SUPPLIED MATERIAL:
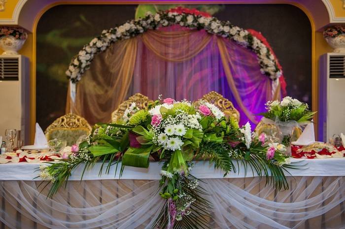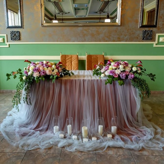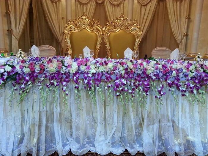 К столу новобрачных взгляды присутствующих прикованы в течение всего вечера, поэтому он должен быть украшен по-особенному. Но объёмные высокие композиции не должны закрывать лиц молодых и не препятствовать общению с гостями, подходящими с поздравлениями.
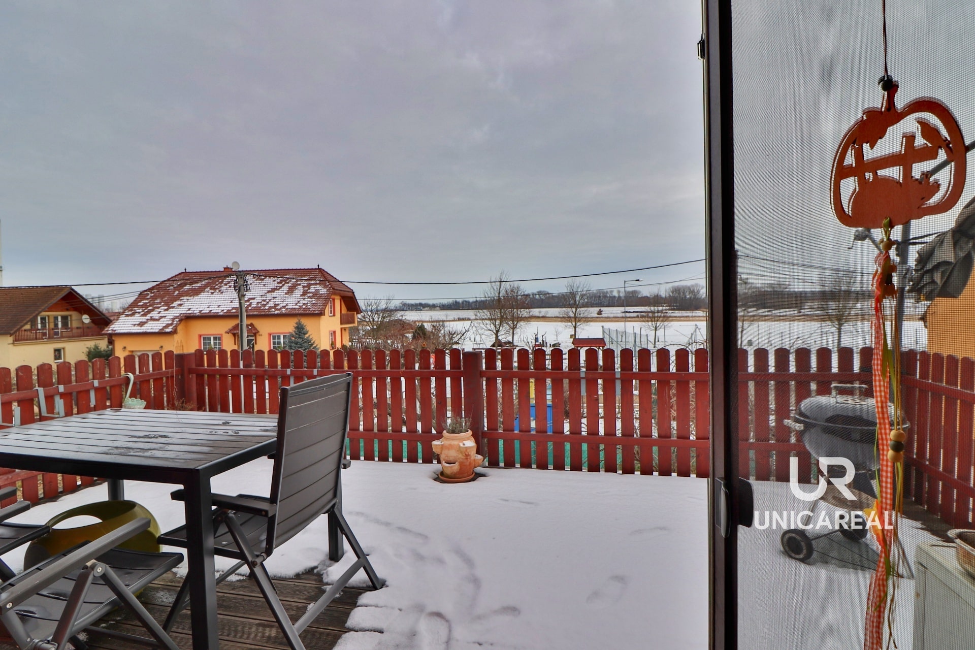 Přístup k bytu do patra je po kovovém venkovním schodišti. Možnost venkovního posezení i ve společných prostorech dvora u domu.
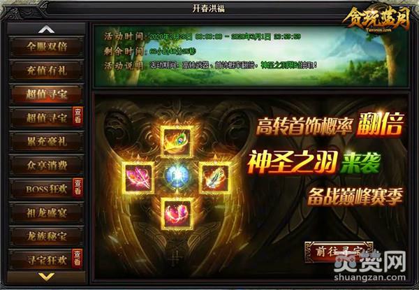 这次寻宝奖池里,神圣之羽和圣纹精魄强势袭来!活动期间,高转武器、首饰概率翻倍,寻宝次数达指定次数,即可领取额外大礼!快来和郭富城一起寻宝吧!

WORK INSTRUCTION:
When you find the line that contains "Přístup k bytu", retype it and every line after it through the end of the data above, exactly, with no pictures.

EXERCISE OUTPUT:
 Přístup k bytu do patra je po kovovém venkovním schodišti. Možnost venkovního posezení i ve společných prostorech dvora u domu.
 这次寻宝奖池里,神圣之羽和圣纹精魄强势袭来!活动期间,高转武器、首饰概率翻倍,寻宝次数达指定次数,即可领取额外大礼!快来和郭富城一起寻宝吧!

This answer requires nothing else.